Pictures stay out of the copy. Repeat exactly the lines from the first entry below through the line that contains "CRYSTAL является идеальной", and nothing beyond.

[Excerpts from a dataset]
::::

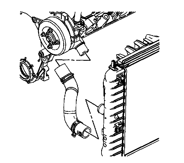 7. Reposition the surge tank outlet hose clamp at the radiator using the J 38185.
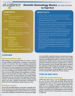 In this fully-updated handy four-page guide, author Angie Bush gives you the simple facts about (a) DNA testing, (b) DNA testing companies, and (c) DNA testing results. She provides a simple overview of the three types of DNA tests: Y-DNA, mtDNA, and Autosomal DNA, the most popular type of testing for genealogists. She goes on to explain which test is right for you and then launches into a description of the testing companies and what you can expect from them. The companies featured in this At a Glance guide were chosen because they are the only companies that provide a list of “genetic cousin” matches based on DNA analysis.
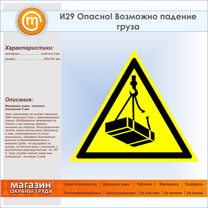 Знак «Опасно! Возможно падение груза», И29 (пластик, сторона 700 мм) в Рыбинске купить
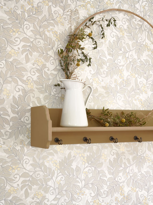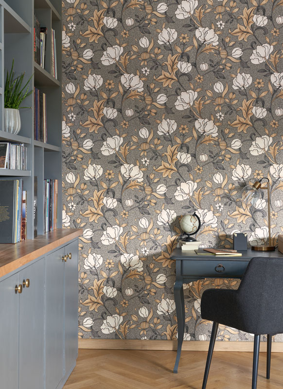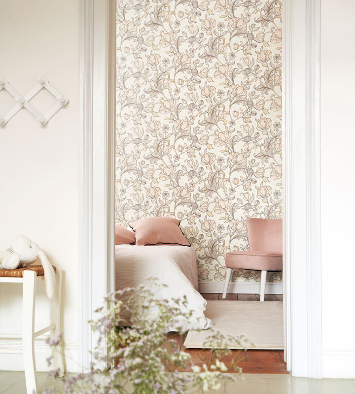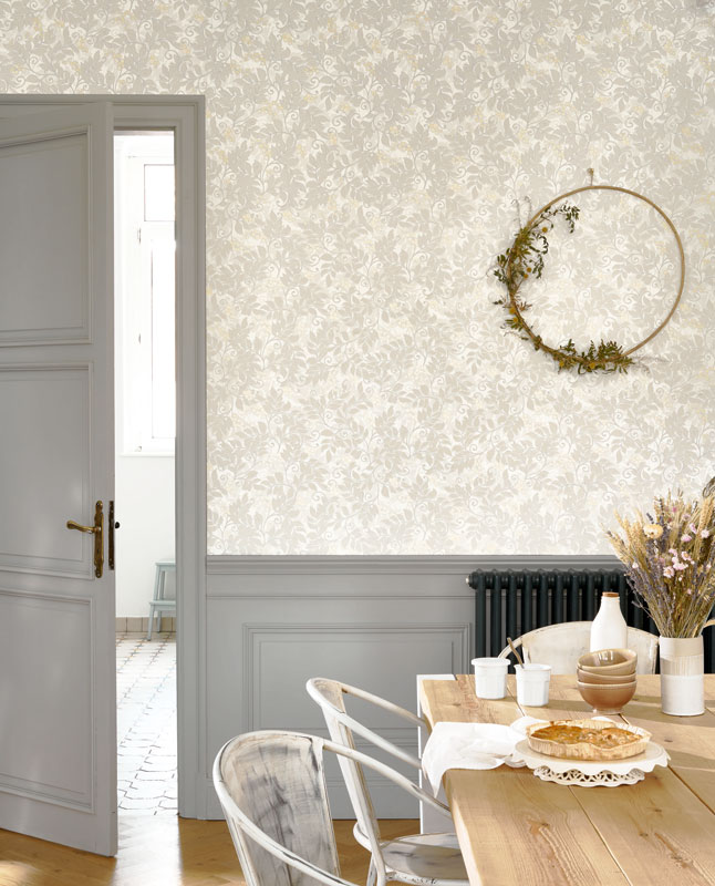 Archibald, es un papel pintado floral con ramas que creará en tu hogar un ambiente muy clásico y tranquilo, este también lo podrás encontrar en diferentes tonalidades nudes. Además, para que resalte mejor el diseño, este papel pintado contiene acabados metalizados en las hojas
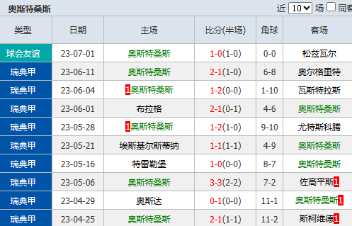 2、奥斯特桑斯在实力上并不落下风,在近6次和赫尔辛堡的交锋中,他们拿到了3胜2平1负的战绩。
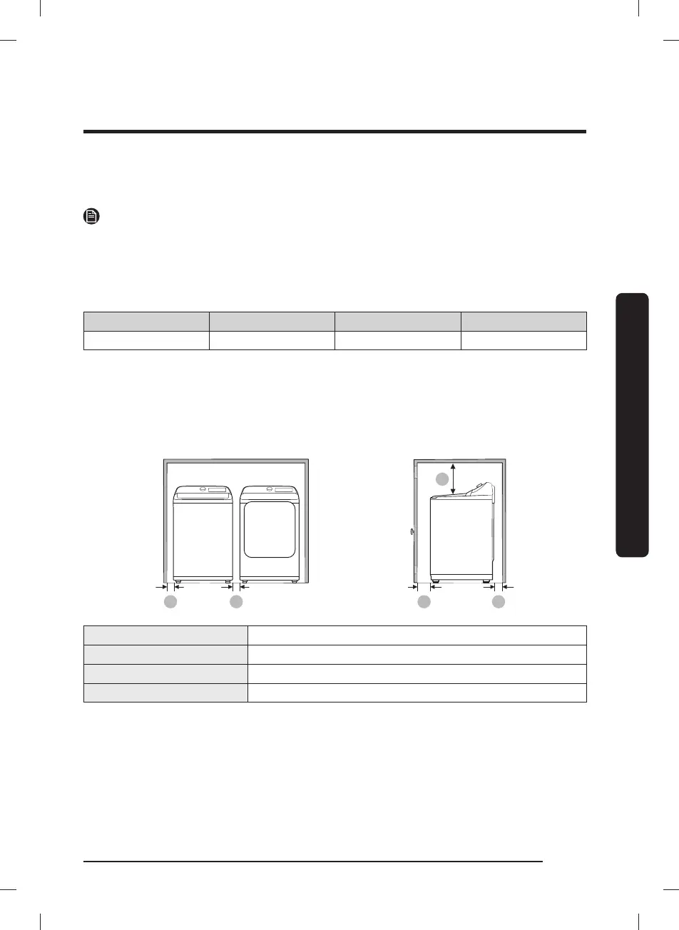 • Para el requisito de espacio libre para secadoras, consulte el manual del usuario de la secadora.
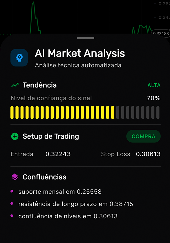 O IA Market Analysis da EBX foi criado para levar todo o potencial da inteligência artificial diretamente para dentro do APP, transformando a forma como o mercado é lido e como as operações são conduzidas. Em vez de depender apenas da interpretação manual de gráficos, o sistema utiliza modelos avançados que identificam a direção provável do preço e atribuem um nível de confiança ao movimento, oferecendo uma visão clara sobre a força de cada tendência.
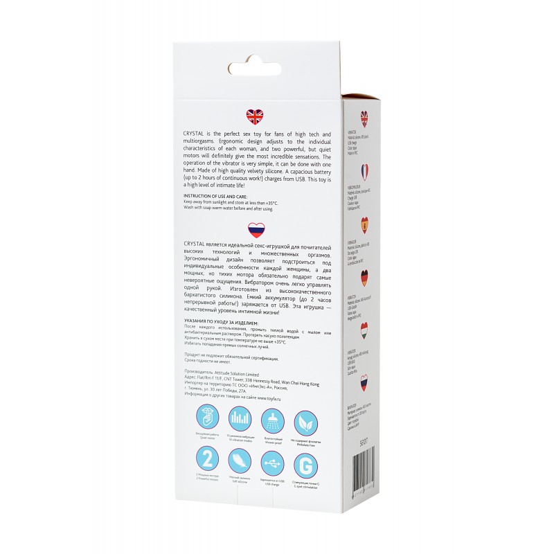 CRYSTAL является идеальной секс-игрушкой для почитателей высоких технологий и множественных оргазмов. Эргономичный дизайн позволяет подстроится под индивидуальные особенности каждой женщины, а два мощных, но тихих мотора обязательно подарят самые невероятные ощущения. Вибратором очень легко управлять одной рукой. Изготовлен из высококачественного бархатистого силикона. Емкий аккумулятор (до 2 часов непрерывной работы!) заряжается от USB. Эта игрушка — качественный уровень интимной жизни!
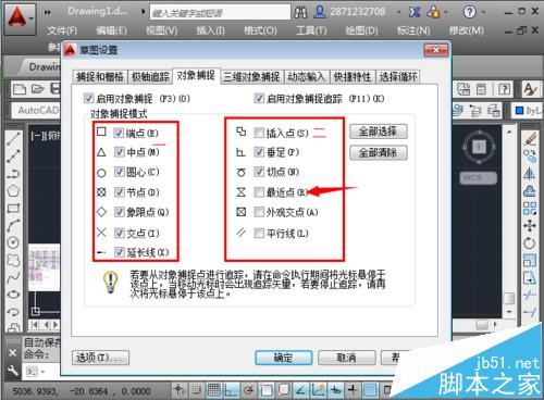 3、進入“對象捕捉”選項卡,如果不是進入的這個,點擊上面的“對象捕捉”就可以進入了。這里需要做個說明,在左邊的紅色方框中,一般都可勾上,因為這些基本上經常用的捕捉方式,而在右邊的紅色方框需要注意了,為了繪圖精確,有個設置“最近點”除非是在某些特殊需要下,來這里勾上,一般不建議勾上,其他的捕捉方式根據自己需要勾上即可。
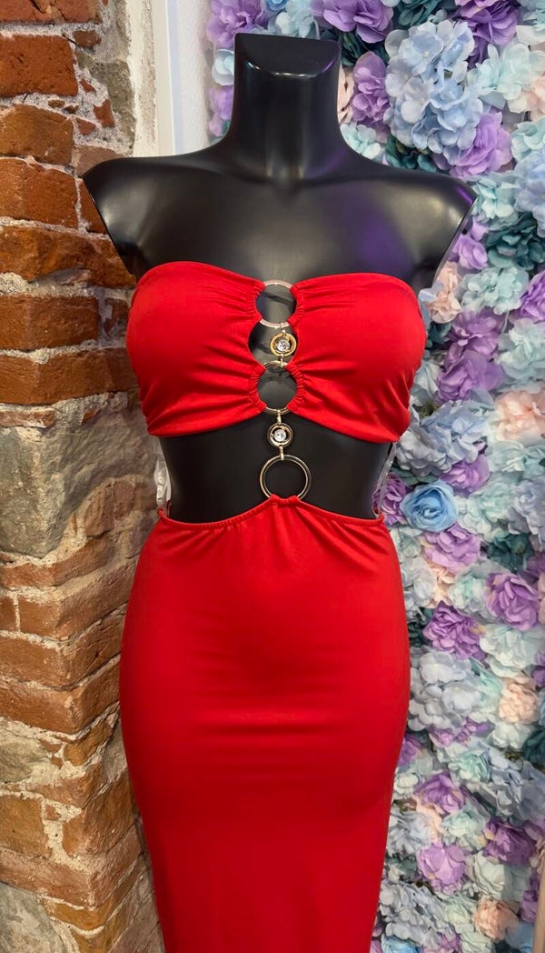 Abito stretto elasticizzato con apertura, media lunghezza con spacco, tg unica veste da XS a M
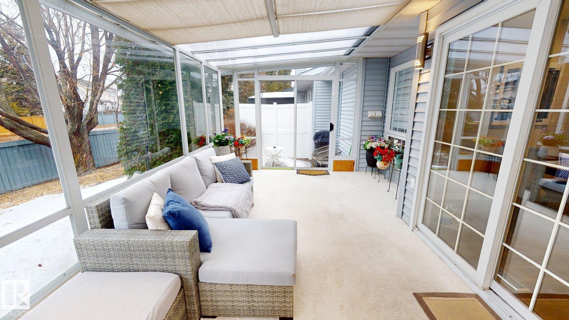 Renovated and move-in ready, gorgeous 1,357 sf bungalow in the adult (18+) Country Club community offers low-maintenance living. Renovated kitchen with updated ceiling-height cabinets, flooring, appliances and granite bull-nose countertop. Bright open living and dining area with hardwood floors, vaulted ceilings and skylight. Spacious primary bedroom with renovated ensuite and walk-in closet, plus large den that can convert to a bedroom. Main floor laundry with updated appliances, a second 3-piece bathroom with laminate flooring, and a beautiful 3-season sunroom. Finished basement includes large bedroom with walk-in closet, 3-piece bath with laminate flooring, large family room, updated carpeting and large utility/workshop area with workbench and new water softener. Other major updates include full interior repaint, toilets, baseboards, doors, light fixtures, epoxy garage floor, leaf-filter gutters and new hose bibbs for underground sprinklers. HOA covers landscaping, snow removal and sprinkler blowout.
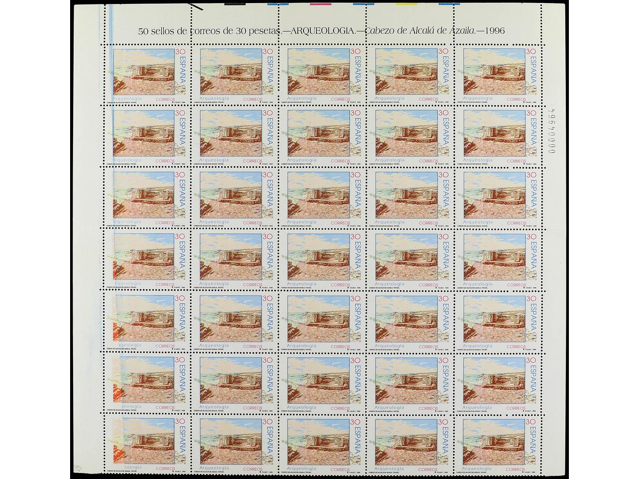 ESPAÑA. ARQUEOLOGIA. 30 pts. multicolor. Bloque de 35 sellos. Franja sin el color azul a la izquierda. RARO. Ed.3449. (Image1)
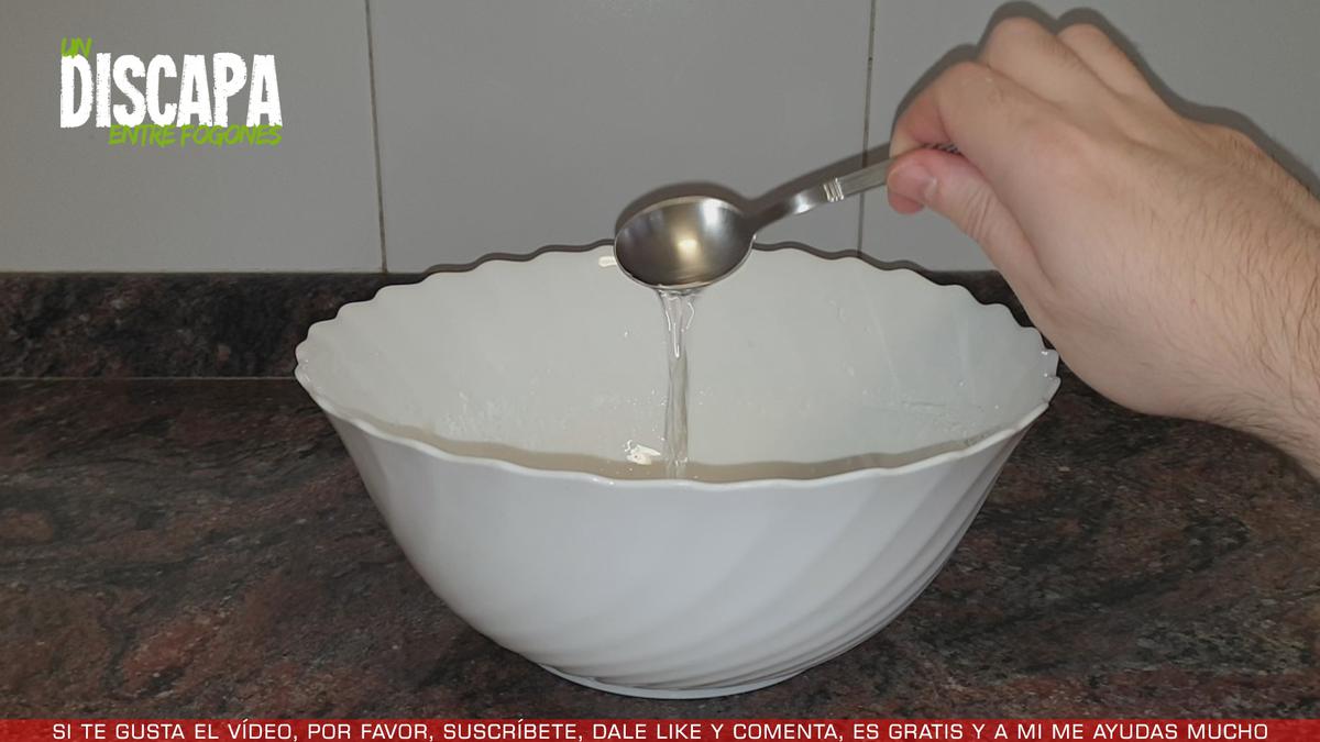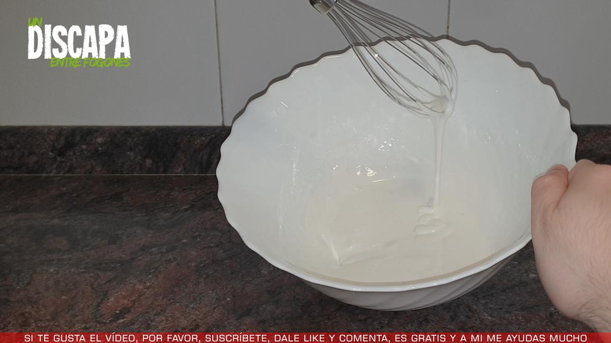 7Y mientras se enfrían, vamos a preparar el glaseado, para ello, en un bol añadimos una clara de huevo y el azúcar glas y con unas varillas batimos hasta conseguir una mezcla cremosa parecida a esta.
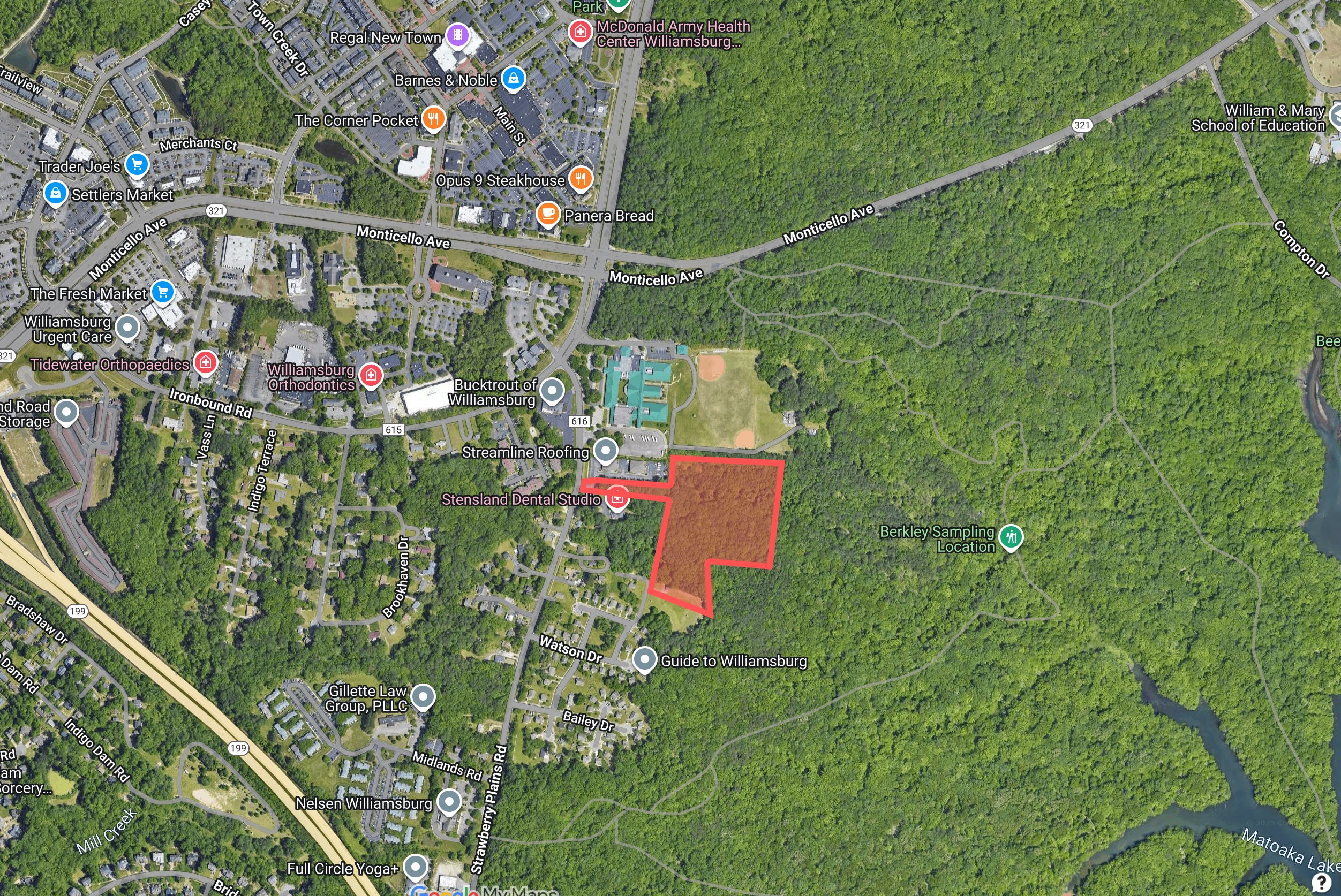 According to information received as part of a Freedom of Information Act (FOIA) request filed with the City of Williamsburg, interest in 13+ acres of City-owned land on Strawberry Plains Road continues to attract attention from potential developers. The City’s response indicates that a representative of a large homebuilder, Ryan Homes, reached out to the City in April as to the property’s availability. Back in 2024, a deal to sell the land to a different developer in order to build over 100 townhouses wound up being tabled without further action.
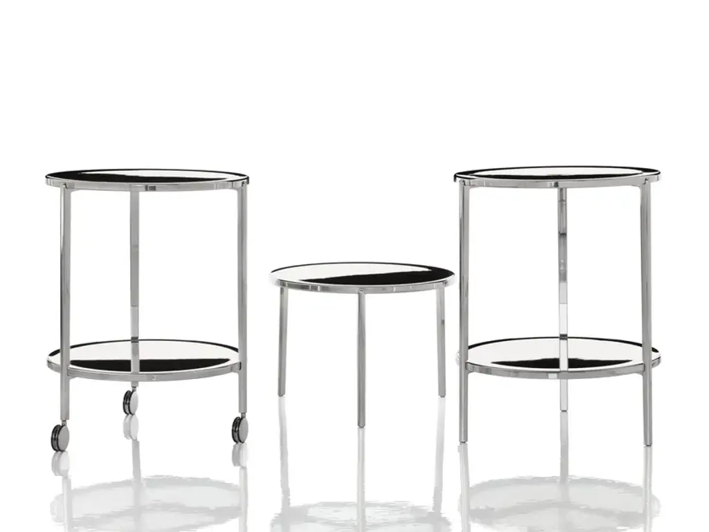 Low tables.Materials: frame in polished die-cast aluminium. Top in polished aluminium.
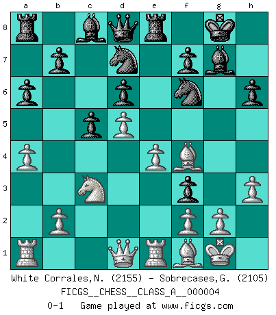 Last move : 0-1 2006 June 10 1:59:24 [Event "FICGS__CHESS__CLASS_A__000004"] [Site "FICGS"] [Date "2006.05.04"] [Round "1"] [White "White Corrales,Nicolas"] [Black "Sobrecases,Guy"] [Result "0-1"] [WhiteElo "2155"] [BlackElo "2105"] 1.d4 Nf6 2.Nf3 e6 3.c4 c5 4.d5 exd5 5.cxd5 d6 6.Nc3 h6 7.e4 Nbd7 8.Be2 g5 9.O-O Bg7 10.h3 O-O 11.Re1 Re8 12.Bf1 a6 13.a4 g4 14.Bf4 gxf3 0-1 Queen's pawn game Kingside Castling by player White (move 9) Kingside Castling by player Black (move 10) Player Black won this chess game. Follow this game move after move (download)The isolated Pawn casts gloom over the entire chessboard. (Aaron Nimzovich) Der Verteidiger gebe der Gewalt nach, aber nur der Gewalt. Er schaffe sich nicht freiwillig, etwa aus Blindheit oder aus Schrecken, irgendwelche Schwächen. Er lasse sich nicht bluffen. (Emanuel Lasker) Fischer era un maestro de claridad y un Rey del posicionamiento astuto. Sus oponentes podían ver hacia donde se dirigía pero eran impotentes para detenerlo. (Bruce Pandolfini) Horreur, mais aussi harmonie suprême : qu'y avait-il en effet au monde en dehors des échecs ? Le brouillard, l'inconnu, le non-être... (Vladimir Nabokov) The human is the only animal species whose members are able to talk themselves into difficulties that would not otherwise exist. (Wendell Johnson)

::::

Expected answer »
 7. Reposition the surge tank outlet hose clamp at the radiator using the J 38185.
 In this fully-updated handy four-page guide, author Angie Bush gives you the simple facts about (a) DNA testing, (b) DNA testing companies, and (c) DNA testing results. She provides a simple overview of the three types of DNA tests: Y-DNA, mtDNA, and Autosomal DNA, the most popular type of testing for genealogists. She goes on to explain which test is right for you and then launches into a description of the testing companies and what you can expect from them. The companies featured in this At a Glance guide were chosen because they are the only companies that provide a list of “genetic cousin” matches based on DNA analysis.
 Знак «Опасно! Возможно падение груза», И29 (пластик, сторона 700 мм) в Рыбинске купить
 Archibald, es un papel pintado floral con ramas que creará en tu hogar un ambiente muy clásico y tranquilo, este también lo podrás encontrar en diferentes tonalidades nudes. Además, para que resalte mejor el diseño, este papel pintado contiene acabados metalizados en las hojas
 2、奥斯特桑斯在实力上并不落下风,在近6次和赫尔辛堡的交锋中,他们拿到了3胜2平1负的战绩。
 • Para el requisito de espacio libre para secadoras, consulte el manual del usuario de la secadora.
 O IA Market Analysis da EBX foi criado para levar todo o potencial da inteligência artificial diretamente para dentro do APP, transformando a forma como o mercado é lido e como as operações são conduzidas. Em vez de depender apenas da interpretação manual de gráficos, o sistema utiliza modelos avançados que identificam a direção provável do preço e atribuem um nível de confiança ao movimento, oferecendo uma visão clara sobre a força de cada tendência.
 CRYSTAL является идеальной секс-игрушкой для почитателей высоких технологий и множественных оргазмов. Эргономичный дизайн позволяет подстроится под индивидуальные особенности каждой женщины, а два мощных, но тихих мотора обязательно подарят самые невероятные ощущения. Вибратором очень легко управлять одной рукой. Изготовлен из высококачественного бархатистого силикона. Емкий аккумулятор (до 2 часов непрерывной работы!) заряжается от USB. Эта игрушка — качественный уровень интимной жизни!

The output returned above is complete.